Manufacturing employment rose again in June by more than 11,000 employees, according to the U.S. Bureau of Labor Statistics. Growth in Q2 2012 averaged 10,000 employees per month, below the average of 41,000 per month during Q1 2012. But since June 2011, manufacturing employment has grown overall by 1.9%. The U.S. Bureau of Labor Statistics reports that the manufacturing unemployment rate stood at 6.9% in June, a decrease from 9.2% in June 2011. (Overall nonfarm unemployment was unchanged May-to-June at 8.2%.)
The under-reported part of this story, according to John Brandt, CEO of the MPI Group, is that the manufacturing workweek in June grew by 0.1 hour to 40.7 hours, and manufacturing overtime for all employees was 3.3 hours for the fifth consecutive month (4.3 hours for production employees).
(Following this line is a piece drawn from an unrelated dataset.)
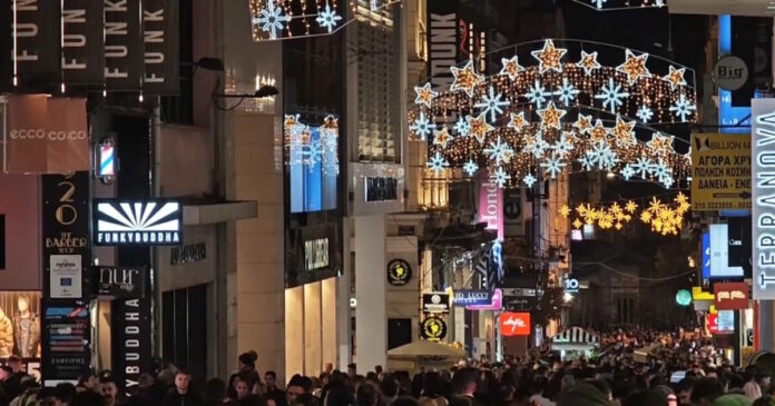Φυσικά, λόγω της περιόδου, εντυπωσιακός είναι ο χριστουγεννιάτικος στολισμός και οι εορταστικές μελωδίες που ηχούν στην Ερμού, δημιουργώντας μια ζεστή ατμόσφαιρα.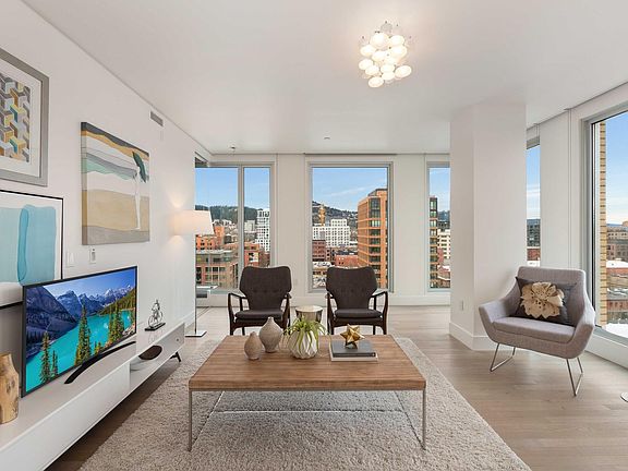 Immaculate modern Pearl District condo perched above city lights with breathtaking 180 degree views. Natural light glistens through the floor to ceiling windows surrounded by an open floorpan. Entertainer's kitchen w/ clean lines, high end Dacor appliances, quartz countertops & hardwood floors. Master suite w/ custom shower & cityscape views. LEED Platinum building w/ at your service concierge. Corner unit near street car, shopping & restaurants.

“That doesn’t look like a one-time surge to meet unexpected demand,” he writes in his current blog. “Instead, it seems like a consistent strategy of using overtime hours rather than hiring. The U.S. has nearly 12 million manufacturing employees. Imagine if even half of those overtime hours were applied to creating new full-time positions, instead of just additional hours for current employees. Simple math says that nearly 500,000 new jobs could appear. Even with current employees losing overtime wages, it’s hard to envision a scenario in which a half-million new jobs wouldn’t boost the economy into overdrive.”